# Regular Expression

Regular expression are used to identify whether a pattern exists in a given sequence of characters (string) or not. 

In [1]:
import re

## Basic Patterns: Ordinary Characters

Ordinary characters are the simplest regular expressions. They match themselves exactly and do not have a special meaning in their regular expression syntax.

In [2]:
pattern = r"Cookie"
sequence = "Cookie"

if re.match(pattern, sequence):
    print("Match!")
else:
    print("Not a match!")

# The match() function returns a match object if the text 
# matches the pattern. Otherwise it return None. 

# There is r at the start of the pattern Cookie. This is called
# a raw string literal. It changes how the string literal is 
# interpreted. Such literals are stored as they appear.

# For example, \ is just a backslash when prefixed with a r rather
# than being interpreted as an escape sequence. Sometimes, the 
# syntax involves backslash-escaped characters and to prevent
# these characters from being interpreted as escape sequences, we
# use the raw r prefix. 


Match!


# Wild Card characters: Special characters.

Special characters are characters which do not match themselves as seen but actually have a special meaning when used in a regular expression.

In [3]:
# . - A period: Matches any single character except new line character.

re.search(r'Co.k.e', 'Cookie').group()

'Cookie'

In [4]:
# \w - Lowercase w: Matches any single letter, digit or underscore.
re.search(r'Co\wk\we', 'Cookie').group()

'Cookie'

In [5]:
# \W - Uppercase w: Matches any character not part of \w (lowercase w).
re.search(r'Co\Wkie', 'Co@kie').group()

'Co@kie'

In [6]:
# \s - Lowercase s: Matches any single whitespace character like space, newline, tab, return
re.search(r'Eat\scake', 'Eat cake').group()

'Eat cake'

In [7]:
# \S - Uppercase s: Matches any character not part of \s (lowercase s)
re.search(r'Cook\Se', 'Cookie').group()

'Cookie'

In [8]:
# \t - Lowercase t: Matches tab
# \n - Lowercase n: Matches newline.
# \r - Lowercase r: Matches return
# \d - Lowercase d: Matches decimal digit 0-9
re.search(r'c\d\dkie', 'c00kie').group()

'c00kie'

In [9]:
# ^ - Caret: Matches pattern at the start of the string.
re.search(r'^Eat', 'Eat cake').group()

'Eat'

In [10]:
# $ : Matches a pattern at the end of the string.
re.search(r'cake$', 'Eat cake').group()

'cake'

In [11]:
# [abc] : Matches a or b or c
# [a-zA-Z0-9] : Matches any letter from (a to z) or (A to Z) or (0 to 9)
# If the first character of the set is ^, all the characters that are not
# in the set will be matches.
re.search(r'Number: [0-6]', 'Number: 5').group()

'Number: 5'

In [12]:
# Matches any character except 5
re.search(r'Number: [^5]', 'Number: 0').group()

'Number: 0'

In [13]:
# \A - Uppercase a: Matches only at the start of the string.

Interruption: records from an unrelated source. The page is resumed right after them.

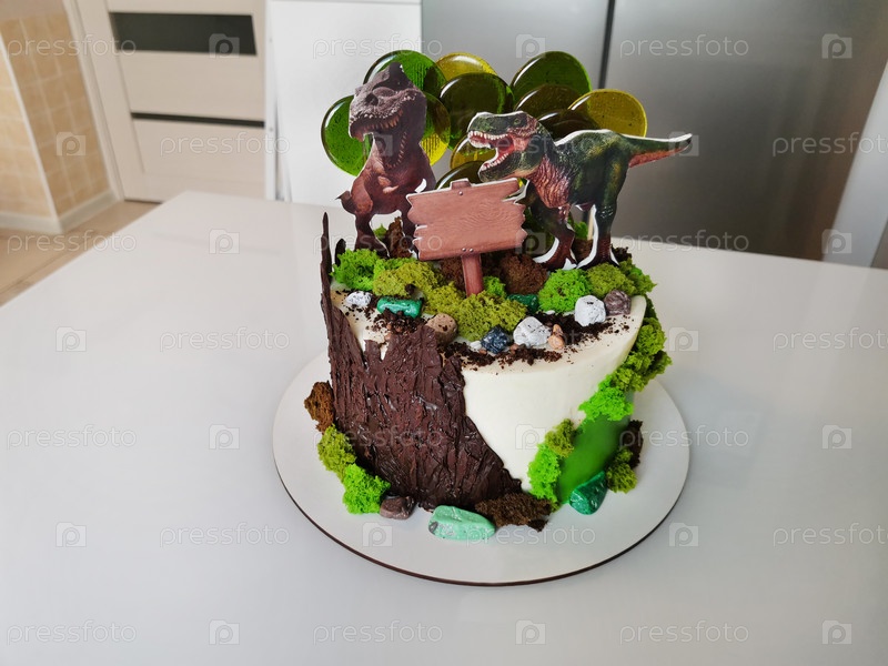 Сладкий десертный торт с двумя стилизованными динозаврами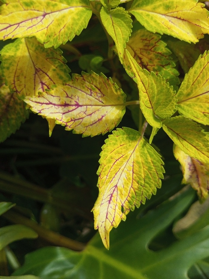 This image, captured in Mindat, Myanmar, presents a detailed close-up of a plant's variegated foliage. The scene features multiple leaves, each displaying a primary coloration of yellow-green and deep yellow, prominently highlighted by a network of reddish-purple veins. The edges of the leaves are distinctly serrated. The leaves are arranged in an overlapping configuration, with some partially obscuring others. The background is out of focus, appearing as a dark, indistinct blur composed of shadowy green forms, suggesting additional, unseen vegetation or obscured elements. No individuals, animals, or artificial objects are visible. There are no discernible actions or interactions depicted within the frame.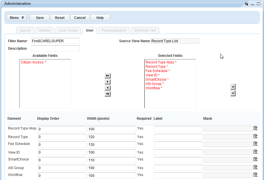 | A | Tabs identify the level at which you want to customize a of portal. Agency specifies all portals in the agency. Module specifies portals defined at the solution module; Building, Enforcement, or Licenses for example. User Group specifies portals defined for a particular user group; building, cashier, permit processor, permit supervisor, inspector, or clerical. User specifies portals defined for an individual user within a user group. Personalization specifies the view, for individuals who have the permission to change their individual screen views. Dynamic Text allows users to switch the display language text. |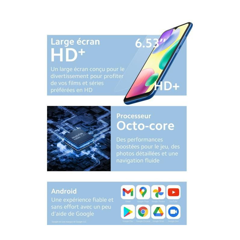 Le Xiaomi Redmi 10A est un téléphone intelligent doté d'un écran de 6,53 pouces et d'une mémoire interne de 32 Go. Il est équipé d'une caméra arrière 13MP et d'une caméra frontale 5MP pour des selfies et des vidéos de qualité. Le téléphone fonctionne sous le système d'exploitation Android 10 et est alimenté par une batterie de 5000 mAh qui offre une autonomie exceptionnelle. Avec sa couleur argent chrome, le Xiaomi Redmi 10A est un appareil élégant et moderne qui offre des performances optimales grâce à son processeur Octa-Core 2GHz. Il dispose également d'un lecteur d'empreintes digitales pour une sécurité supplémentaire et prend en charge les réseaux 4G pour une connexion haut débit.

Works
# across multiple lines as well
re.search(r'\A[A-E]ookie','Cookie').group()

'Cookie'

In [14]:
# \b - Lowercase b: Matches only the beginning or end of the work.
re.search(r'\bCooki[e-z]', 'Cookie').group()

'Cookie'

In [15]:
# \ - Backslash. If the character following the backslash is a 
# recognized escape character, then the special meaning of the
# term is taken. 

re.search(r'Back\\stail','Back\stail').group()

'Back\\stail'

In [16]:
re.search(r'Back\stail','Back tail').group()

'Back tail'

## Repetitions 

In [17]:
# + : Checks for one or more characters to its left.
re.search(r'Co+kie', 'Coookie').group()

'Coookie'

In [18]:
# * : Checks for zero or more characters to its left.
re.search(r'Ca*o*kie', 'Cokie').group()

'Cokie'

In [19]:
# ? : Checks for exactly zero or one character to its left.
re.search(r'Colou?r', 'Color').group()

'Color'

In [20]:
# {x} : Repeat exactly x number of times.
# {x,} : Repeat at least x times or more.
# {x,y} : Repeat at least x times but no more than y times.

In [21]:
re.search(r'\d{9,10}', '0987654321').group()

'0987654321'

## Groups and Grouping using Regular Expressions

Suppose that, when we're validating email addresses and want to check the user name and host separately.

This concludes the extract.